Según el último Informe de Ciberamenazas de Travelers, los grupos de ransomware han dejado de lado los eventos de compromiso masivo mediante la explotación de vulnerabilidades y se han inclinado por métodos fiables y repetibles para acceder a las redes de las víctimas.
Estas tácticas incluyen el uso de credenciales débiles en cuentas de VPN y puertas de enlace que no están protegidas por la autenticación multifactor (MFA).
Los investigadores observaron que esta actividad comenzó a consolidarse en la segunda mitad de 2023 y se extendió ampliamente entre los operadores de ransomware y los intermediarios de acceso inicial (IAB) a lo largo de 2024.
El informe destacó un manual de entrenamiento sobre ransomware escrito por un IAB, filtrado en el verano de 2023, que resaltó este cambio.
El manual recomendaba que, en lugar de centrarse en descubrir la próxima vulnerabilidad de día cero, los actores de ransomware deberían implementar herramientas para buscar nombres de usuario predeterminados como «admin» o «test» y probar combinaciones de contraseñas comunes para descubrir credenciales débiles que pudieran atacar.
En 2024, no se detectó ninguna vulnerabilidad que provocara exploits masivos de ransomware.
Esta es una marcada diferencia con respecto a 2023, donde una parte significativa de la actividad de sitios de filtración de ransomware se atribuyó a exploits en productos de software comunes, como MOVEit y el software de transferencia de archivos GoAnywhere.
Varios grupos de ransomware aprovecharon estas vulnerabilidades para explotar al máximo número de víctimas posible en poco tiempo.
El informe reveló que la actividad de ransomware alcanzó niveles récord en el cuarto trimestre de 2024, con 1663 nuevas víctimas registradas en sitios web con filtraciones.
Esto representa un aumento del 32 % en comparación con el tercer trimestre de 2024, siendo el cuarto trimestre el que registró el mayor nivel de actividad de ransomware en un solo trimestre por la aseguradora, eclipsando el tercer trimestre de 2023.
Noviembre registró el mayor número de víctimas de sitios web con filtraciones de ransomware del trimestre, con 629. A esto le siguió un descenso relativo a 516 en diciembre.

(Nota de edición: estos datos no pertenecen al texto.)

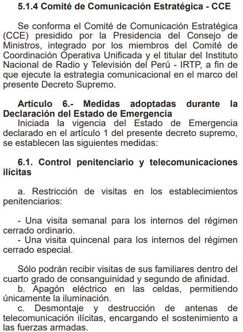 - Se restringen las visitas en los penales. Solo podrán ingresar los familiares dentro del cuarto grado de consanguinidad y segundo de afinidad.
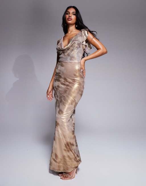 ASOS DESIGN - Naturfarvet maxikjole med dyb vandfaldsudskæring, bindebåndsdetalje og blomstermønster med glimmer
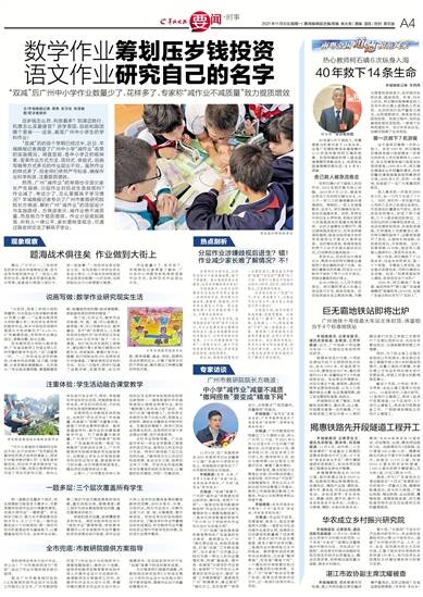 羊城晚报:北京、上海、广州等9个城市是“双减”试点,与其他城市相比,广州的“减作业”有何特点?
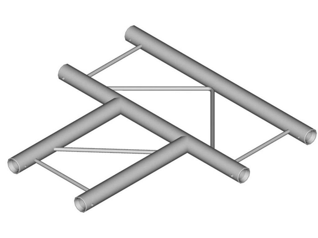 Narożny element konstrukcyjny umożliwiający budowę konstrukcji scenicznych do zawieszania instalacji oświetleniowych lub dźwiękowych. Element jest zagięty poziomo pod kątem 90° w kształcie litery T i wykonany z dwóch prętów o średnicy 35 mm i grubości ścianki 2 mm. Konstrukcja wykonana jest ze stopu AlMgSi1, dzięki czemu każdy z elementów serii DT22 zachowuje niską wagę i wysoką wytrzymałość. Pręty wzmacniające mają średnicę 8 mm. Element jest wyposażony w końcówki do zasilania kolejnych elementów. W zestawie znajdują się również śruby i klamry zabezpieczające. Wymiary: 500 x 500 x 35 mm, waga: 1,7 kg.
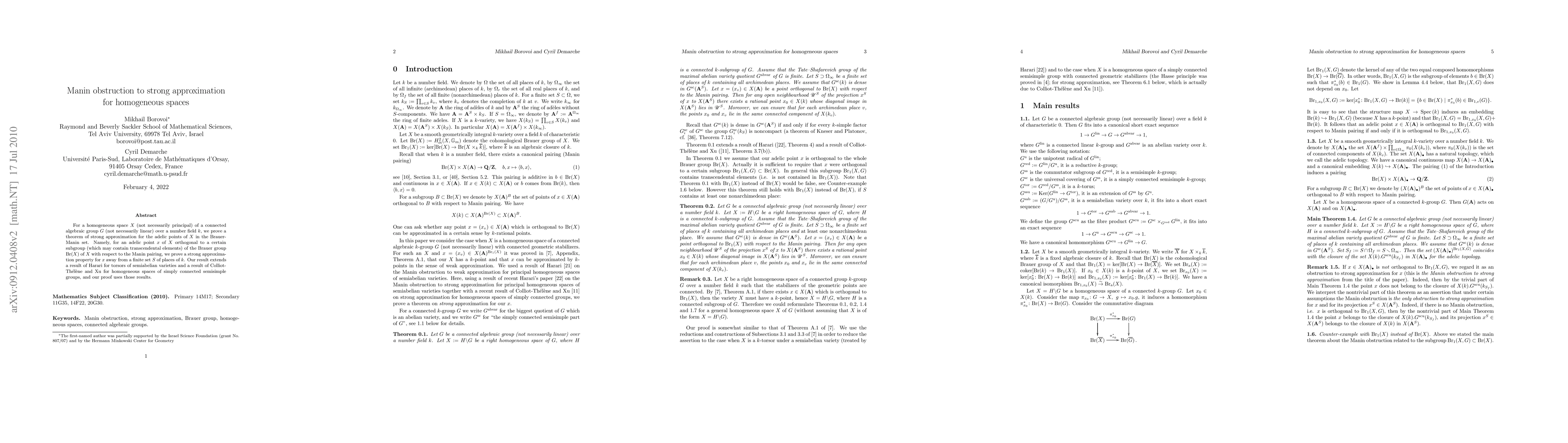 This paper proves a strong approximation theorem for adelic points of homogeneous spaces over number fields, orthogonal to a certain subgroup of the Brauer group, extending previous results for torsors and semisimple groups. The proof leverages earlier findings in the field.
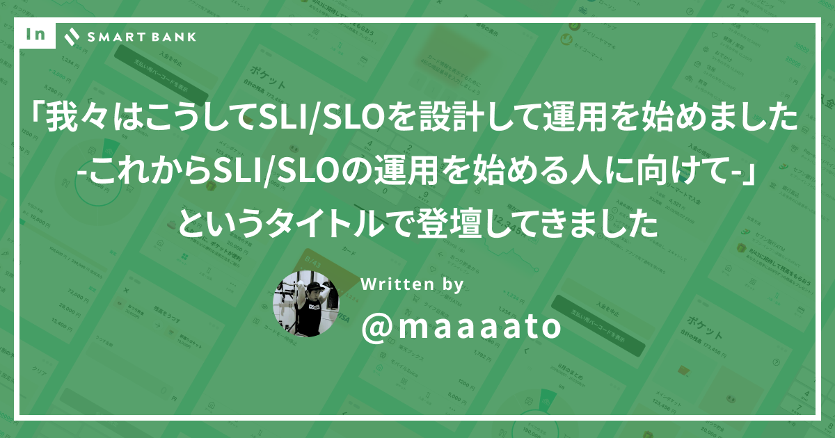 前半ではCUJ/SLI/SLO/エラーバジェットについて改めて確認し、株式会社スマートバンクにおけるSLI/SLOの運用の現状について説明しています。 後半ではSLI/SLOの設計・運用のアプローチをどのように進めたのか、最後にまとめと今後の展望について説明しています。 主にSLI/SLOをこれからやっていこうと思っている人、運用開始しているけど他社の事例が気になる人を想定聴講者としつつ、当時自分がSLI/SLOの設計するに辺りこんな資料があると嬉しかったという点を踏まえてまとめました。
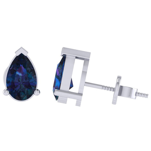 Gold Plated Sterling Silver Pear Shape Alexandrite Gemstone(June Birthstone) Stud Earring

Los investigadores afirmaron que este patrón se alinea con las tendencias históricas de aumento de la actividad a principios de la temporada navideña, seguido de un descenso posterior al comenzar el año nuevo.
A lo largo de 2024, se registraron 5243 víctimas de ransomware en sitios de filtraciones, un aumento del 15 % con respecto a los 4548 incidentes registrados en 2023.
El informe también registró un aumento del 67 % en los nuevos grupos de ransomware formados en 2024 en comparación con 2023, con 55 nuevos grupos observados el año pasado.
Esto indica una rápida proliferación de actores más pequeños y ágiles en el ecosistema del ransomware tras la interrupción de los principales operadores de ransomware como servicio (RaaS), como LockBit y Clop, por parte de las fuerzas del orden.
RansomHub registró el mayor número de ataques en el cuarto trimestre de 2024, con 238, lo que representa el 14 % del total.
Le siguieron Akira y Play, con 133 y 95 ataques, respectivamente.